Iran-Linked Hackers Expanding Targets to US Infrastructure
Pro-Iranian hacker groups are targeting sites in the Middle East and beginning to probe US targets including defense contractors, power stations, and water plants. The escalation tracks with ongoing geopolitical tensions and raises the risk of attacks on critical infrastructure.
Poland's National Centre for Nuclear Research Targeted
Poland's NCBJ (National Centre for Nuclear Research) detected and blocked a cyberattack against its IT infrastructure before any impact. The attack underlines continued targeting of nuclear and energy sector organizations in Europe.
Law Enforcement Actions
Operation Synergia III: INTERPOL Sinkholes 45,000 IPs, Arrests 94
INTERPOL's "Operation Synergia III" — spanning 72 countries from July 2025 to January 2026 — sinkholed 45,000 malicious IPs, seized 212 devices/servers, arrested 94 suspects, with 110 more under investigation. In Macau, investigators identified 33,000+ phishing sites impersonating banks and casinos. Major arrests in Bangladesh (40) and Togo (10).
SocksEscort Proxy Botnet Dismantled — 369,000 IPs Across 163 Countries
US and European law enforcement dismantled SocksEscort, a criminal proxy service that enslaved residential routers into a botnet since 2020. The service offered access to ~369,000 IP addresses in 163 countries, with nearly 8,000 infected routers active as of February 2026. The service advertised "static residential IPs with unlimited bandwidth" for bypassing spam blocklists.
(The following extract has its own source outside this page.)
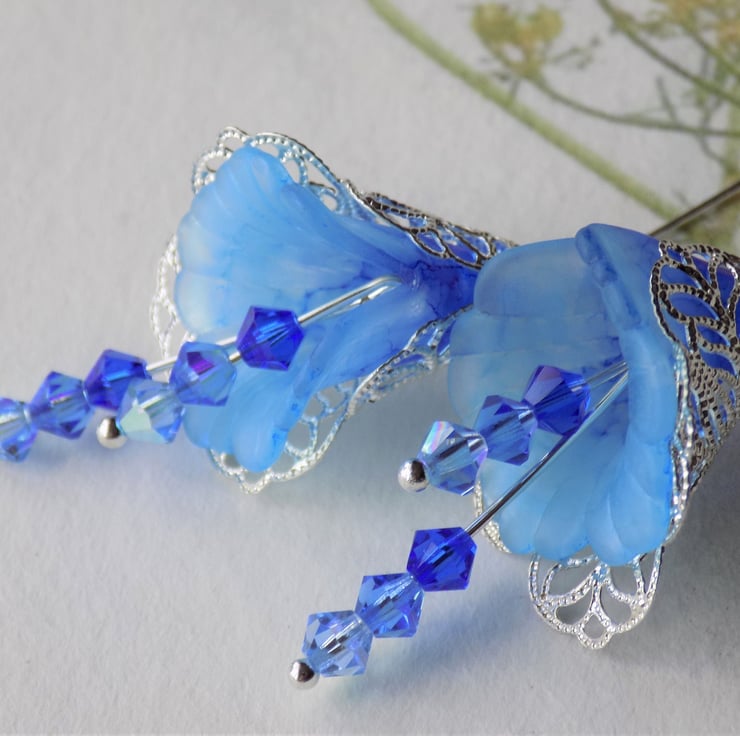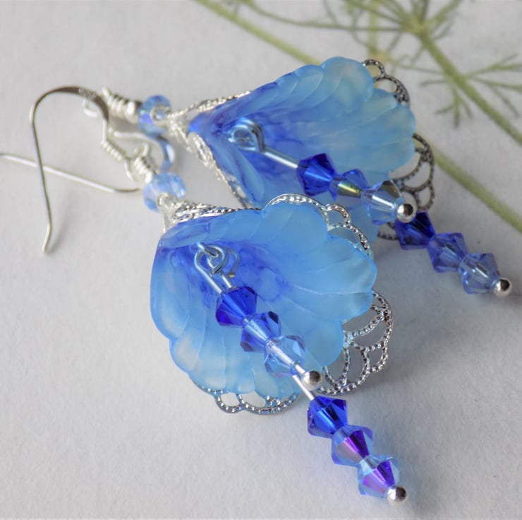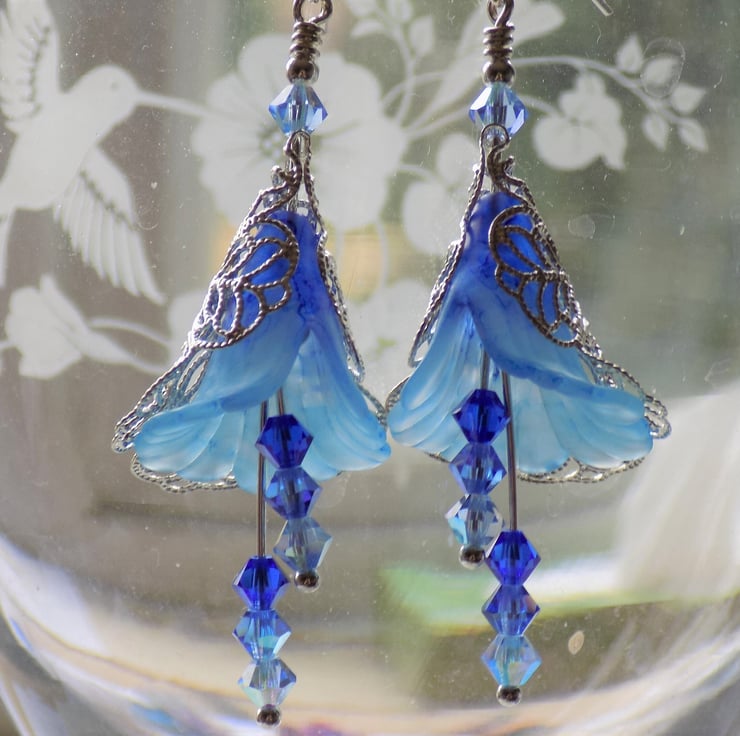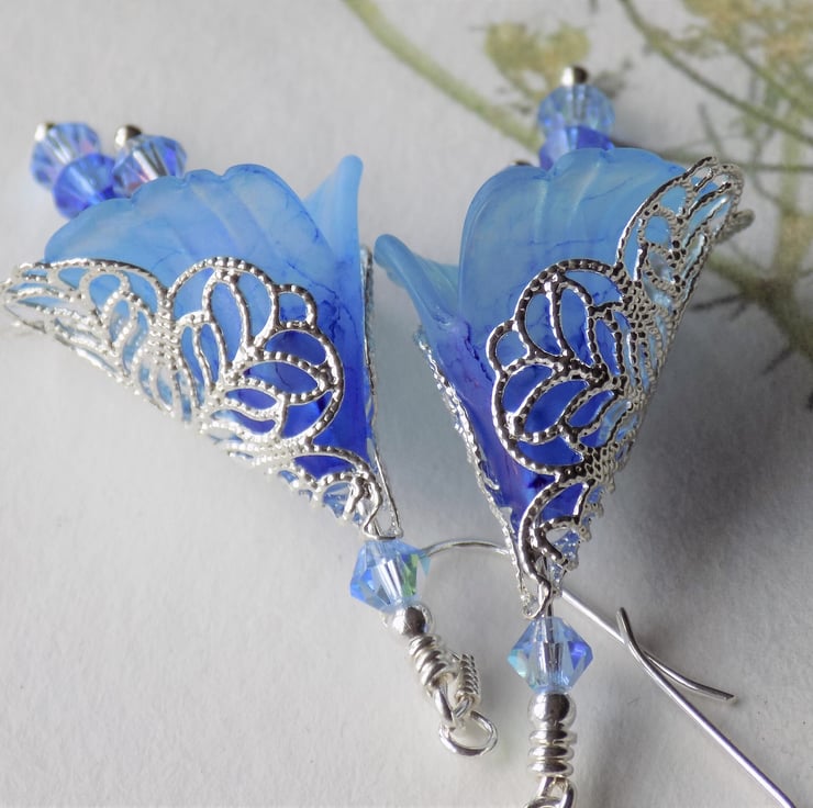 Inspired by some beautiful shades of phlox and comos, in flower at the moment, these lucite lily flowers are hand painted in gorgeous glowing translucent colours and surrounded by lacy filigree silver. They have dangles of three different shades of Swarovski crystals, chosen carefully to tone perfectly with the flower colours.
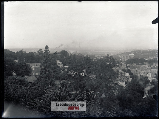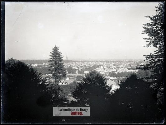Vue sur Paris depuis Meudon, plaque verre, photo ancienne, négatif 9x12 cm

Meta Disables 150,000+ Accounts Powering Asian Scam Centers
Meta has launched new protection tools and disabled more than 150,000 accounts that were powering scam centers across Asia. The effort aims to disrupt organized fraud operations at scale.
Industry & Tools
Bold Security and Onyx Security Each Emerge With $40M Funding
Bold Security uses AI to turn devices into active protection agents that understand user actions in real time. Onyx Security is building a control pane to help organizations oversee autonomous AI agents and rapidly adopt them. Both emerged from stealth with $40M each — signaling strong investor appetite for AI-native security platforms.
Google Paid $17M in Bug Bounties in 2025
Google's Vulnerability Reward Program paid out $17 million to 747 security researchers in 2025. Chrome vulnerabilities earned researchers $3.7M, while cloud security defects netted $3.5M.
🔮 KENSAI Analysis — What This Means For You
- Patch Chrome NOW: Two actively exploited zero-days (CVE-2026-3909, CVE-2026-3910) — update to 146.0.7680.75+ immediately across all endpoints.
- Iran threat escalation is real: The Stryker wiper attack (200K+ devices) is the largest Iran-linked destructive operation to date. Combined with probes against US infrastructure, organizations with geopolitical exposure need updated incident response plans.
- VPN credential theft via SEO poisoning: Storm-2561 is impersonating every major VPN vendor. Enforce MFA on all VPN access and educate employees to only download clients from verified internal sources — never from search results.
- WordPress admins: The Ally plugin SQLi flaw affects 200K+ sites. Audit your WordPress plugins and patch or remove Ally immediately.
- NIS2 relevance: The targeting of Poland's nuclear center and Iranian attacks on critical infrastructure reinforce NIS2's mandate for incident reporting and supply chain security across EU essential services.
- AI-native security funding wave: $80M across two stealth launches signals the market is shifting toward AI agent oversight — directly relevant to KENSAI's positioning in autonomous security assessment.